By what standard is bad faith failure to settle measured in Massachusetts? Silva v Norfolk & Dedham Mass App Ct 2017 – set out the standards.


There must be expert evidence that NO reasonable insurer, having the information available to the carrier on trial – would have failed to settle.

**2020 update – see Chuilli v Liberty Mutual Mass App – duty triggered when a reasonable insurer with the same facts would have offered to settle.**


Insured car rear ended a tow truck; Silva was in the truck.  He worked that day and for the next year before claiming to have been badly injured.

The case went to trial and Silva won a judgment far in excess of the policy limits. After the judgment, while the case was on appeal, the insurer offered to pay the policy limits without including post judgment interest, conditioned upon a release of its insured.

After trial, Silva gave the driver a release in return for assignment of her rights to bad faith insurance claims against her insurer – for failing to promptly settle within the policy limits.

The judge determined the insurer made a reasonable decision to try the case rather than to settle.  During the bad faith trial, the Judge refused to allow an attorney to testify that the carrier’s conduct was bad faith.


There were plenty of facts produced in the claims file to establish reasons to doubt the claimant’s veracity.  During the bad faith trial, there was no testimony about steps the carrier should have but did not take.  Fault was clear but damage was subject to good faith disagreement.  An insurer’s good faith but mistaken evaluation of damages is not a violation of 176D.

The expert was prohibited from testifying on the ultimate issue because his list of activities that were ‘unfair claims practices’ did not establish that no reasonable insurer would have failed to settle within the policy limits.

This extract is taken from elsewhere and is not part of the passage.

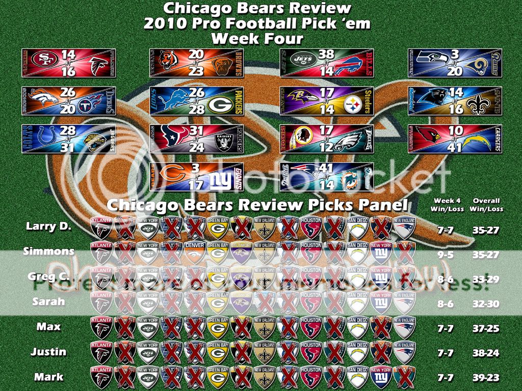 Here is the Week Four Results page to see the rest of the picks and here is the Picks Panel Standings

An insurer can be liable for … for negligent handling of its settlement.  The test … “is not whether a reasonable insurer might have settled the case within the policy limits, but rather whether no reasonable insurer would have failed to settle the case within the policy limits.” Hartford Cas. Ins. Co. v. New Hampshire Ins. Co., 417 Mass. 115, 118 at 121 (1994).

Insurers must unconditionally offer to pay the policy limits or be exposed to post judgment interest afterwards.  The Appeals Court found no bad faith in failing to unconditionally offer the policy limits – the risk was exposure to post judgment interest which the carrier later paid.